● **THE DATA**
<<<<
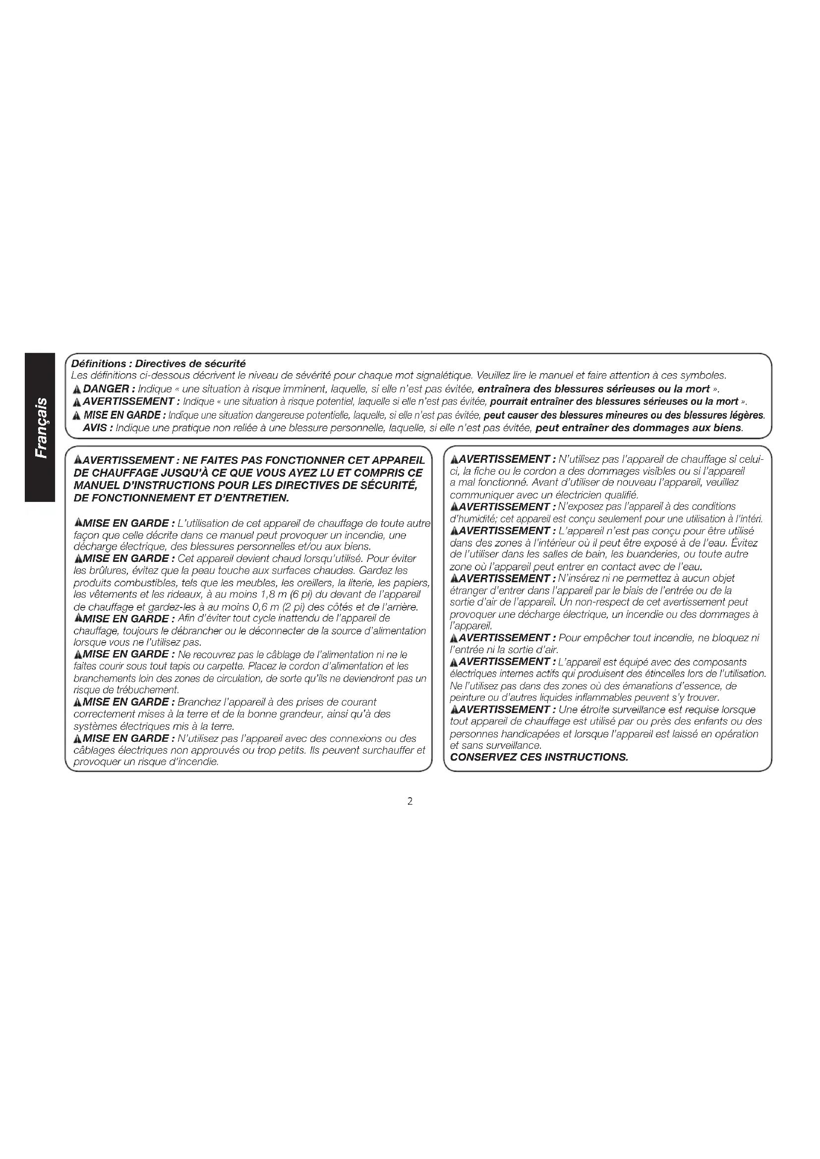 tout appareil de chauffage est utilisé par ou près des enfants ou des personnes handicapées et lorsque l’appareil est laissé en opération et sans surveillance. CONSERVEZ CES INSTRUCTIONS.
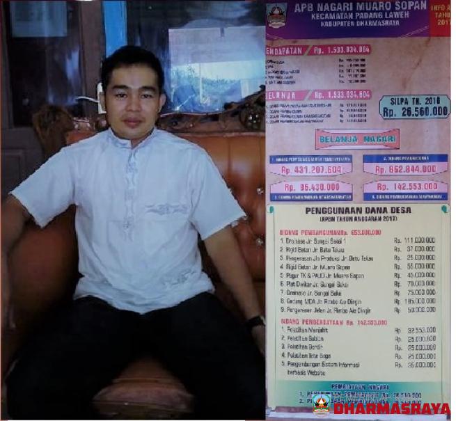 Dharmasrya, -- Pemerintahan Nagari Muaro Sopan Kecamatan Padang Laweh Kabupaten Dharmasraya mengalokasikan dana sebesar Rp230.000.000 atau sekitar 29% untuk membangun infrastruktur pendidikan di daerahnya.Hal itu disampaikan oleh Walinagari Muaro Sopan Kecamatan Padang Laweh, Ari Asmanto, S.Psi d...
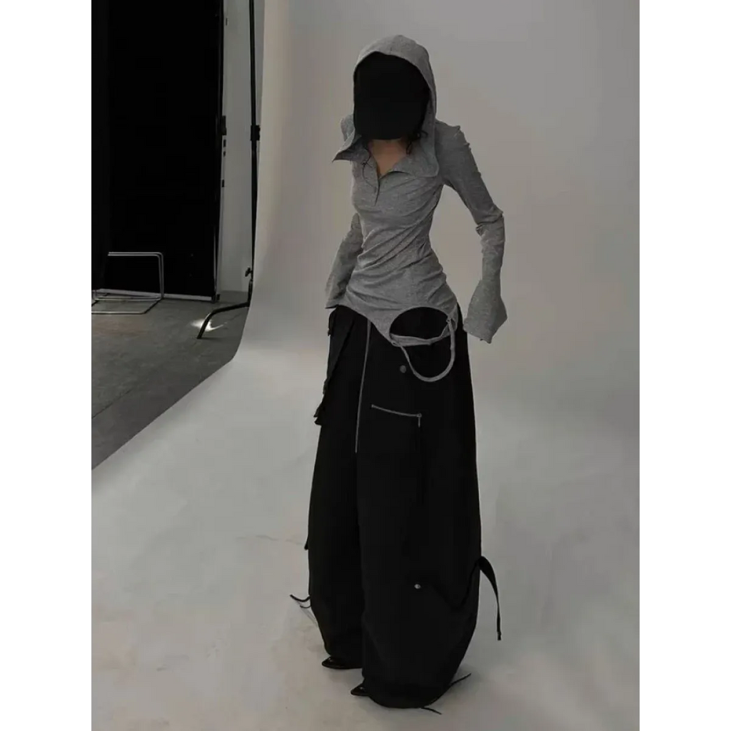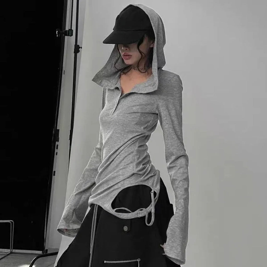 The Harajuku Punk Style Hooded Shirt is a slim-fit long sleeve top featuring a distressed hooded design, perfect for edgy streetwear looks.
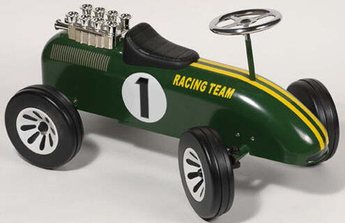 This great new retro classic metal F1 style metal racer is pure energy! Features a strong steel body makes this ride-on toy totally superb. Also features a working steering column and F1 engine detail. The striking British Racing Green colour makes it look superb and a real favourite with children.
>>>>
● **TASK GOAL**
Copy each line of the listing exactly, skipping any picture.

● **FINISHED TASK**
 tout appareil de chauffage est utilisé par ou près des enfants ou des personnes handicapées et lorsque l’appareil est laissé en opération et sans surveillance. CONSERVEZ CES INSTRUCTIONS.
 Dharmasrya, -- Pemerintahan Nagari Muaro Sopan Kecamatan Padang Laweh Kabupaten Dharmasraya mengalokasikan dana sebesar Rp230.000.000 atau sekitar 29% untuk membangun infrastruktur pendidikan di daerahnya.Hal itu disampaikan oleh Walinagari Muaro Sopan Kecamatan Padang Laweh, Ari Asmanto, S.Psi d...
 The Harajuku Punk Style Hooded Shirt is a slim-fit long sleeve top featuring a distressed hooded design, perfect for edgy streetwear looks.
 This great new retro classic metal F1 style metal racer is pure energy! Features a strong steel body makes this ride-on toy totally superb. Also features a working steering column and F1 engine detail. The striking British Racing Green colour makes it look superb and a real favourite with children.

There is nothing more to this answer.